The All India Muslim Personal Board will soon issue a circular that seek to persuade husbands from considering triple talaq, after coming under fire from the Supreme Court.

The cornered Muslim Board on Wednesday told the Supreme Court that it has decided to issue a circular to all qazis across the country that while finalising ‘nikahnama’ (marriage contract) they must take an oath from the husband that he will not give triple talaq to his wife.

There will also be a provision in the nikahnama allowing the wife to say no to the triple talaq practice.

The announcement was made by Kapil Sibal, the lawyer representing the board before a five-judge constitution bench which is hearing petitions challenging the validity of triple talaq.

After hearing the petitions for six continuous days, the bench reserved its verdict.

Sibal’s statement comes a day after the bench questioned how the Muslim community could claim it was fundamental to the religion, when they themselves admitted it was ‘sinful’ and the ‘worst form of divorce’.
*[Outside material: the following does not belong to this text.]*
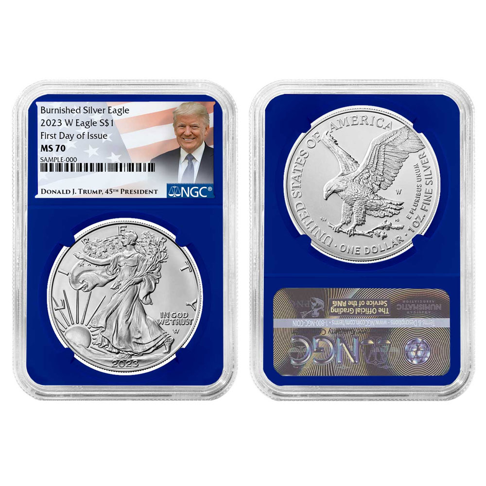 2023-W $1 1-oz Burnished American Silver Eagle NGC MS70 FDI Trump Label Blue Core
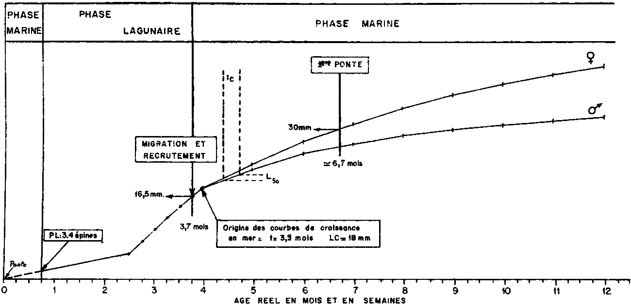En Côte dIvoire le recrutement en mer, estimé à partir du pourcentage dindividus de petite taille (LC inférieure à 22 mm) dans les captures réalisées en mer suit très bien la courbe moyenne annuelle de migration hors des lagunes. Il est maximum de février à avril. Cest également le cas au Nigeria (Bayagbona, Sagha et Afinowi, 1971) et au Gabon (Fontana et Bâ, 1972). La comparaison des cycles annuels moyens de ponte, de migration et de recrutement a permis de reconstituer en Côte dIvoire la chronologie du cycle vital (Figure 2). Si les postlarves qui entrent en lagune au stade 3-4 épines rostrales sont bien âgées de 3 semaines, la grande migration seffectue vers 3.4 mois à une taille de 16 17 mm (LC). Les premiers modes (18 mm, LC) dans les distributions de fréquence de longueur des captures en mer apparaissent vers 4 mois. Le délai entre la migration et le recrutement dans la population exploitée est très court. La taille de première maturité (30 mm, LC en Côte dIvoire) est atteinte ver 6-7 mois. La plus petite femelle mûre trouvée au Nigeria par De Vries et Lefevere (1966) mesurait 28 mm (LC). Les crevettes vivent au moins deux ans.

Picking up an Islamic religious text during the high-voltage hearing and reading it, Chief Justice J S Khehar said: ‘Somebody gave this book to us. It says Talaq-e-biddat is a deviation from the right path. And now this is read and re-read during every Friday afternoon prayers. So during every prayer you say triple talaq is bad, sinful.’

Earlier the CJI also questioned the claim of another lawyer that triple talaq was sacrosanct and court could not interfere asking: ‘You yourself say it is the worst kind of divorce, sinful then how can triple talaq be sacrosanct and fundamental to religion and if it is not fundamental to religion, article 25 (freedom of religion) and 26 (freedom to manage religious affairs) will not come in.’

The CJI then too perused a copy of Quran and told the advocate that triple talaq was ‘mentioned nowhere in the book’.

The bench had also asked why India cannot do away with triple talaq when it is banned in 20 out 22 Muslim countries including Pakistan, Bangladesh and Afghanistan.

During Wednesday’s hearing, when Justice Kurian Joseph asked Sibal if ‘triple talaq was not theologically bad and sinful?’, he retorted, saying: ‘Lots of sinful things are happening in the society protected by customs’.

When Sibal said: ‘It may be bad, it may be sinful but women accept it’, a large number of women lawyers appearing for aggrieved women petitioners protested loudly saying: ‘No ..No…No’.

Sibal also said: ‘Your Lordship’s job is not sit in a Constitution Bench and decide what all are sinful in society’, adding: ‘Your lordship is sitting on a slippery slope as demands for banning many more practices will soon arises after the court allows this one. All these are not in the court’s domain. Please do not venture into it’.